53 In SFGB v Minister for Immigration and Multicultural and Indigenous Affairs (2003) 77 ALD 402 ("SFGB"), the Full Court of this Court suggested that an error consisting of the making of a finding of fact for which there is no evidence may well constitute a jurisdictional error, even if it cannot also be concluded that the decision-maker applied an incorrect test or failed to apply the correct test or took into account irrelevant considerations or failed to take into account relevant considerations. The Court said (at 407 [19]-[20]):
"This argument, if it were made out, would be sufficient to establish that the tribunal had made a 'jurisdictional error' so as to found jurisdiction in this court to intervene. If the tribunal makes a finding and that finding is a critical step in its ultimate conclusion and there is no evidence to support that finding then this may well constitute a jurisdictional error: Australian Broadcasting Tribunal v Bond (1990) 170 CLR 321 at 355-7; 94 ALR 11 at 37-8; 21 ALD 1 at 23-4. If the decision of the tribunal was 'Wednesbury' unreasonableness or if the material on which the tribunal relied was so inadequate that the only inference was that the tribunal applied the wrong test or was not, in reality, satisfied in respect of the correct test, then there would also be jurisdictional error: see Re Minister for Immigration and Multicultural Affairs; Ex parte Applicant S20/2002 (2003) 198 ALR 59 at 62, 67, 76, 90-91; 73 ALD 1 at 4, 8-9, 18, 31-3. (S20).
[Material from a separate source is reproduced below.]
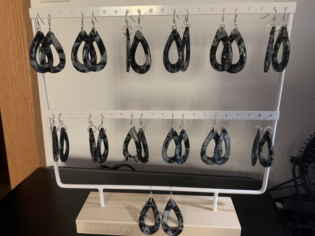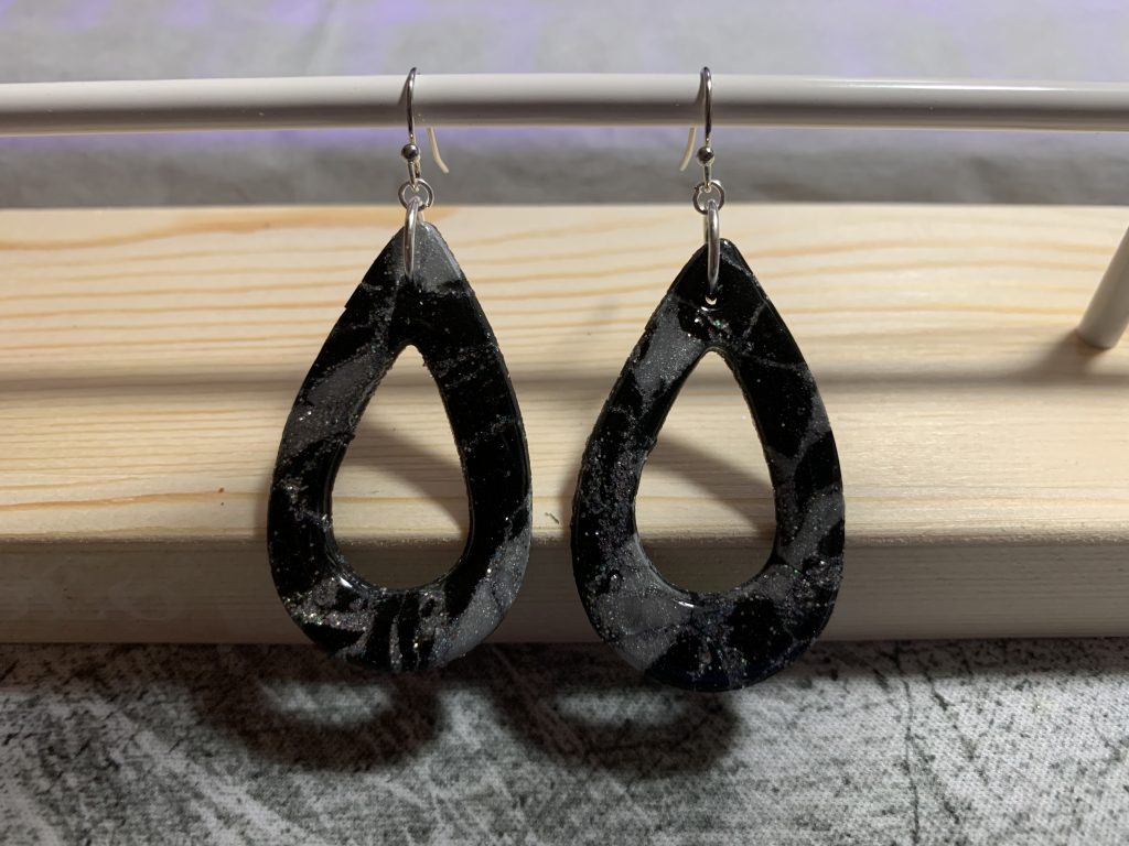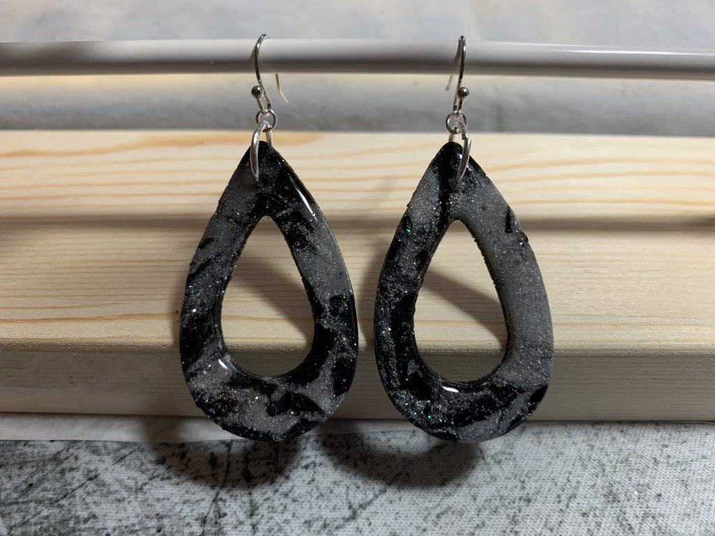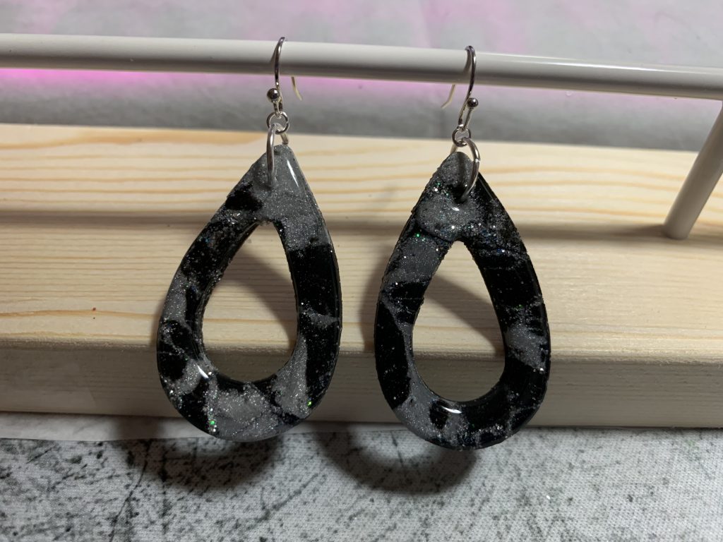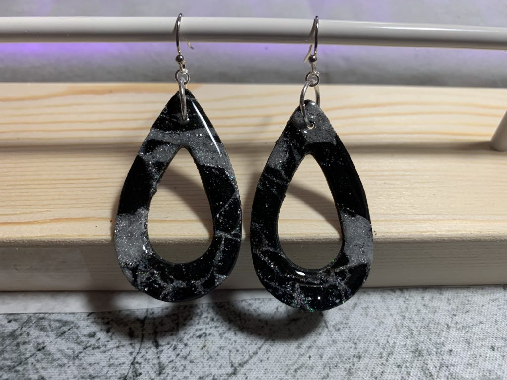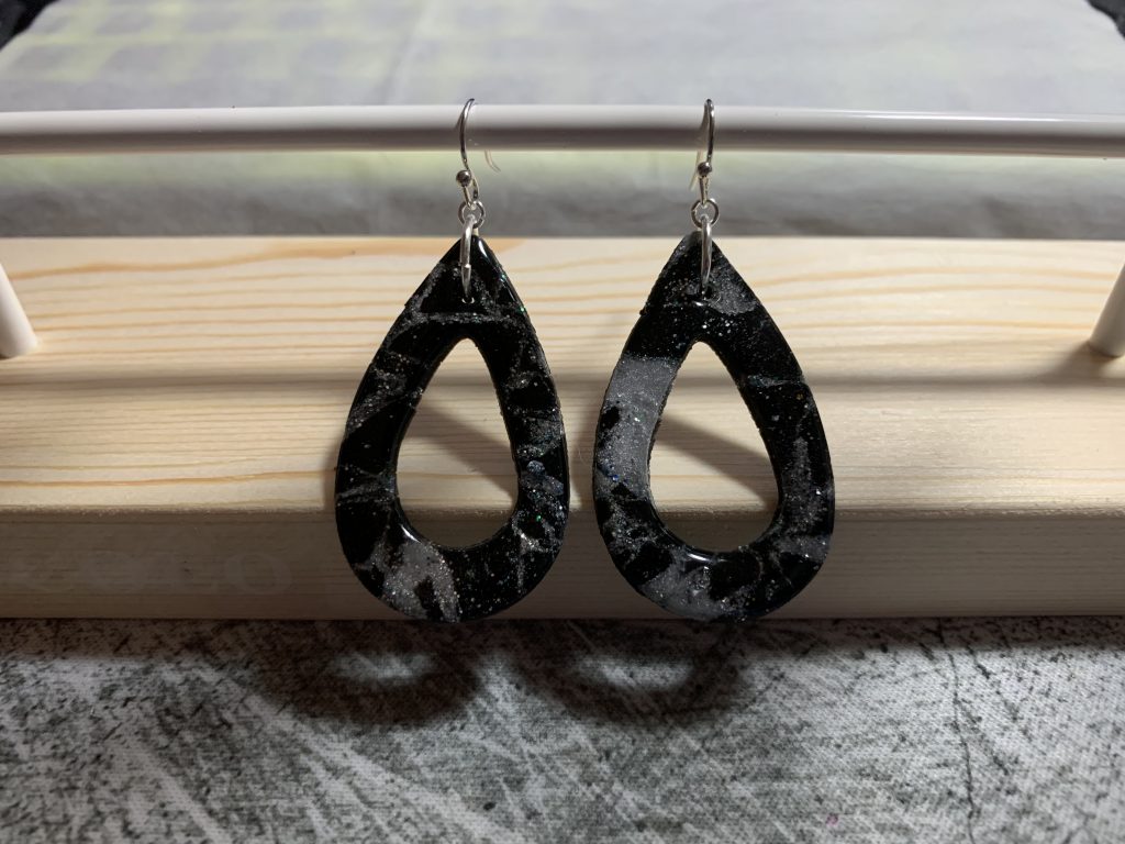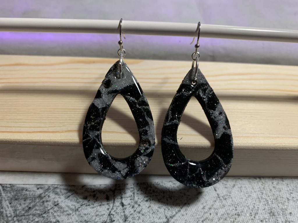 This is the first full set of earrings I made that were all the same shape. These are a base of black polymer clay and silver glitter clay with silver sparkles as the add in. Some of these have already sold and I will be updating the page after I finish my inventory.

On the other hand, if there is sufficient evidence or other information before the tribunal on which it could reach the conclusion it did then it is for the tribunal to determine what weight it gives to that evidence. Indeed, unless the relevant fact can be identified as a "jurisdictional fact", there is no error of law, let alone a jurisdictional error, in the tribunal making a wrong finding of fact: Attorney-General (NSW) v Quin (1990) 170 CLR 1 at 35-6; 93 ALR 1 at 24-5."
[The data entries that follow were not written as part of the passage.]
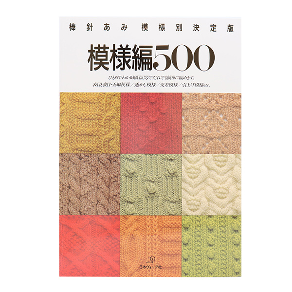 書籍 『模様編500 棒針あみ模様別決定版 NV7152』 VOGUE 日本ヴォーグ社編目記号の解説本です。表目・裏目・玉編/透かし/交差/引き上げ模様・・・棒針編みの模様を網羅し、編目記号も解説した決定版[書籍 手編み 編み物 棒針編み 模様 網目記号]
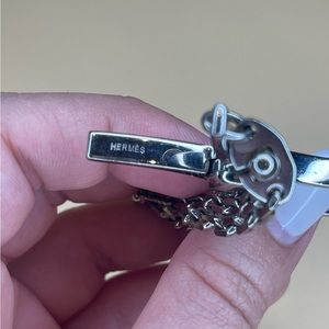 Hermes H logo Filou Chain Glove Holder Clip Silver Tone
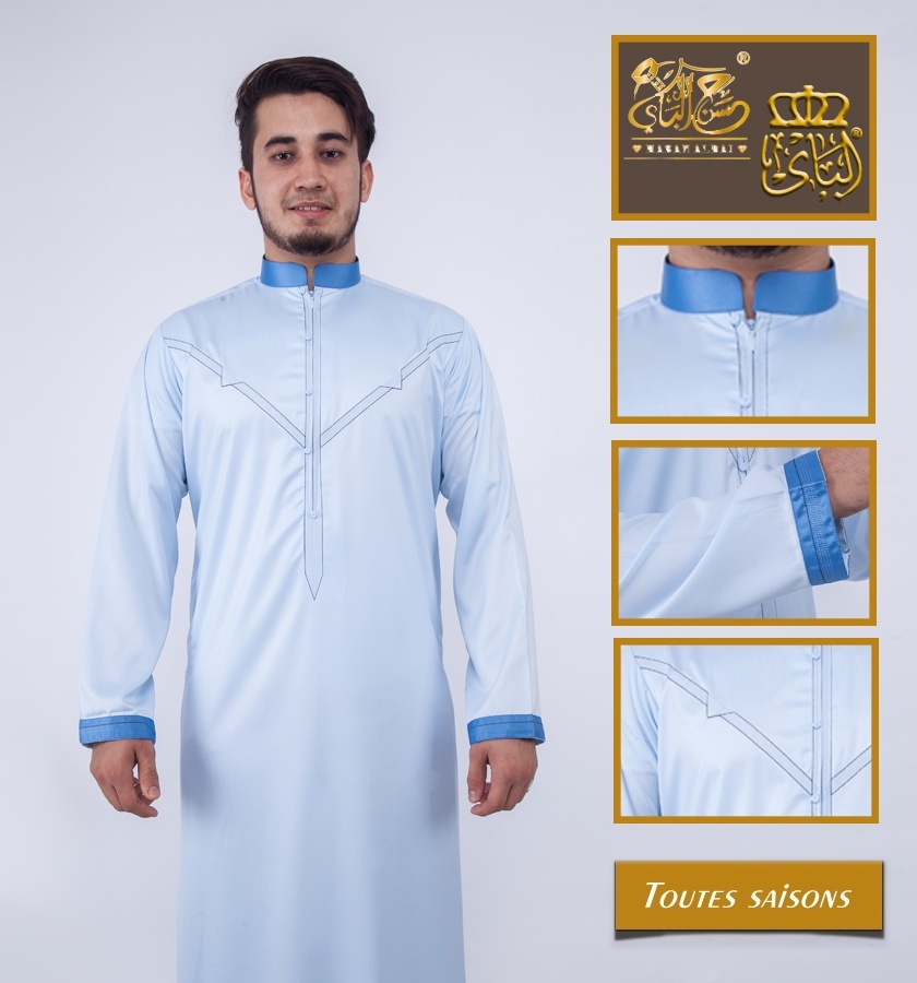 Qamis de couleur bleu ciel avec col bleu. Broderie bleue sur la poitrine et les manches. Comme sur la photo.
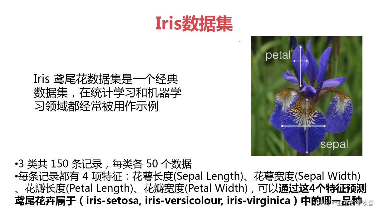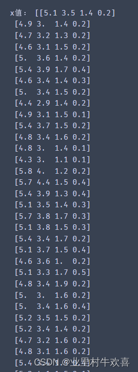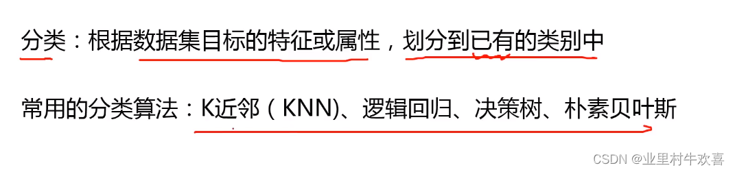 -分类问题是对应结果为类别(非连续性)的监督式学习问题 -每个预测的数值即是结果数据(或称为:目标、输出、标签) 使用scikit-learn进行数据处理的四个关键点 1、区分属性数据与结果数据 2、属性数据与结果数据是可量化的 3、运算过程中,属性数据与结果数据的类型都是numpy数组 4、属性数据和结果数据的维度是相同的。
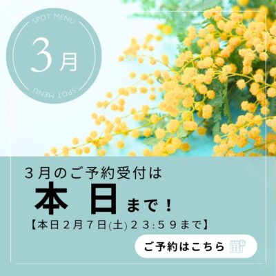 今月募集しておりました「スポットメニュー」ですが、 いよいよ本日23:59をもちまして、受付を終了させていただきます。
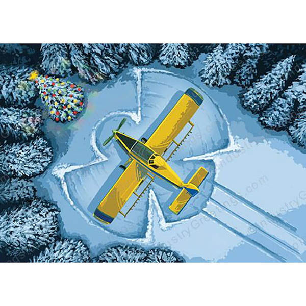 Ag Air Snow Angel Christmas Card is nestled among the trees for a winter break is a crop duster forming a beautiful holiday snow angel. The yellow air tractor style plane is ready at a moments notice to pilot wherever a good job is needed to be done. Agricultural and farm customers will smile with holiday warmth when they know your ag aviation company paused to remember how important their business has been to you throughout the past year.
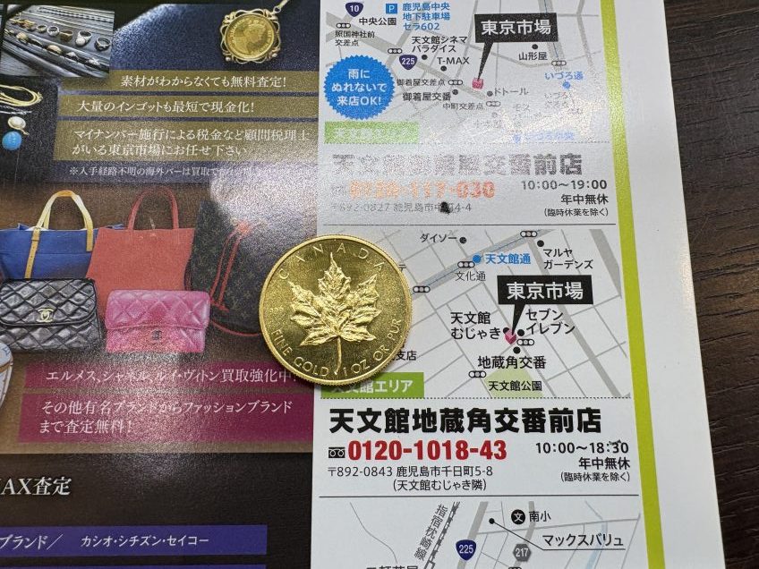 鹿児島市 買取専門 東京市場 天文館 地蔵角交番前店 外国 コイン メイプルリーフ 金貨 買取しました。
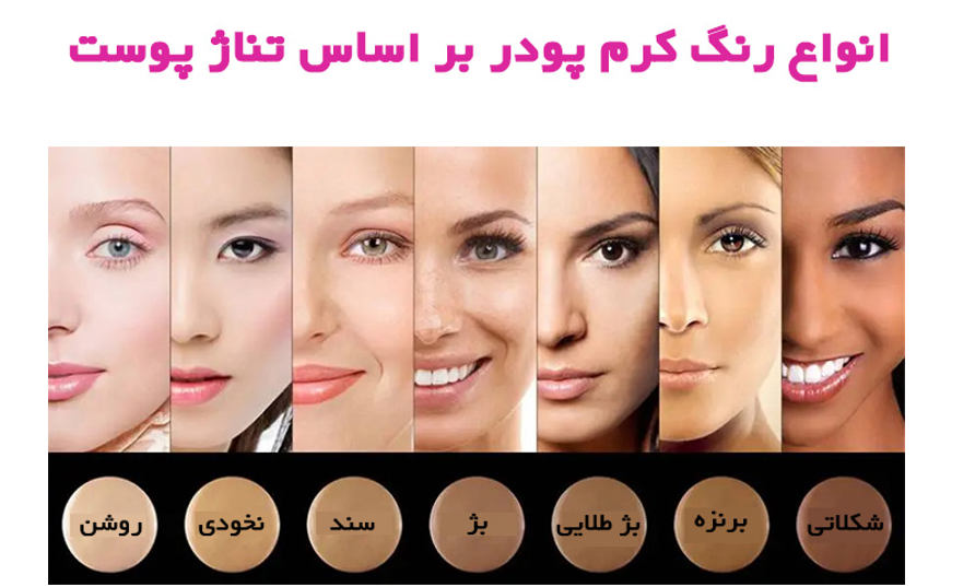 رنگ کرم پودر باید با تناژ پوست سازگار باشد تا ظاهر طبیعی داشته باشد. از طرفی، رنگ آن باید از غلظت کافی برای پوشاندن نواقص پوست برخودار باشد. برای انتخاب رنگ کرم پودر، ابتدا باید تناژ پوستی خود را مشخص کنید.

54 The principle which I have identified by reference to the reasons of the Full Court has been applied by single judges of this Court: see, for example, SZDTZ v Minister for Immigration and Citizenship [2007] FCA 1824; SZDFZ v Minister for Immigration and Citizenship (2008) 168 FCR 1; SZKMX v Minister for Immigration and Citizenship [2008] FCA 856.
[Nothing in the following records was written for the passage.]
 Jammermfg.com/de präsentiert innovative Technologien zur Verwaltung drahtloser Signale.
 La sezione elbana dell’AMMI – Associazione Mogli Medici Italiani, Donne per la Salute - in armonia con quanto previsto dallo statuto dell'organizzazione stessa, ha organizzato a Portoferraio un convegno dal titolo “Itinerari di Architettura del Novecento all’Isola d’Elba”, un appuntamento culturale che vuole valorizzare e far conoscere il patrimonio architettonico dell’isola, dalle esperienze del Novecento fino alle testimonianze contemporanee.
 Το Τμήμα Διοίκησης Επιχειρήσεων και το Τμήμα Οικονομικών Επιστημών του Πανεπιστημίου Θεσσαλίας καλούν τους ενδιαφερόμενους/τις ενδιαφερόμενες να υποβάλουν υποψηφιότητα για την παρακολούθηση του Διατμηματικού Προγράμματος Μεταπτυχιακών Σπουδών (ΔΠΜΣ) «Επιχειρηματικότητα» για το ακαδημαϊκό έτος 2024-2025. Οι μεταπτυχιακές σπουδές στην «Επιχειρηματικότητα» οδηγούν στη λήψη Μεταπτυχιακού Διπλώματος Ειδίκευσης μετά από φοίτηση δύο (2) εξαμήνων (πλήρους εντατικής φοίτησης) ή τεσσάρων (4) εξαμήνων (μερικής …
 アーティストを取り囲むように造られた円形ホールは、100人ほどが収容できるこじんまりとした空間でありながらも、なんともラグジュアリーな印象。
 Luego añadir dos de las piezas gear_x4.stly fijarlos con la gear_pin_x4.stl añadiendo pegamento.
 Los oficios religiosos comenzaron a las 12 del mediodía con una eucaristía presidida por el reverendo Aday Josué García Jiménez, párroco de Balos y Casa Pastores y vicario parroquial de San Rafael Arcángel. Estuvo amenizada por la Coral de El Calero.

55 The first respondent submitted that the principle identified in [53] above is inconsistent with the decision of the High Court in Re Minister for Immigration and Multicultural Affairs; Ex parte Applicant S20/2002 (2003) 77 ALJR 1165; 198 ALR 59.
56 I have examined that decision carefully and I do not think there is anything in the decision which is inconsistent with the principle identified by the Full Court. Leaving aside the question of whether, sitting as a single judge exercising the appellate jurisdiction of this Court, I could or should decline to follow a decision of the Full Court, I am not persuaded that the decision is clearly wrong and I think I should follow the principle identified by the Full Court.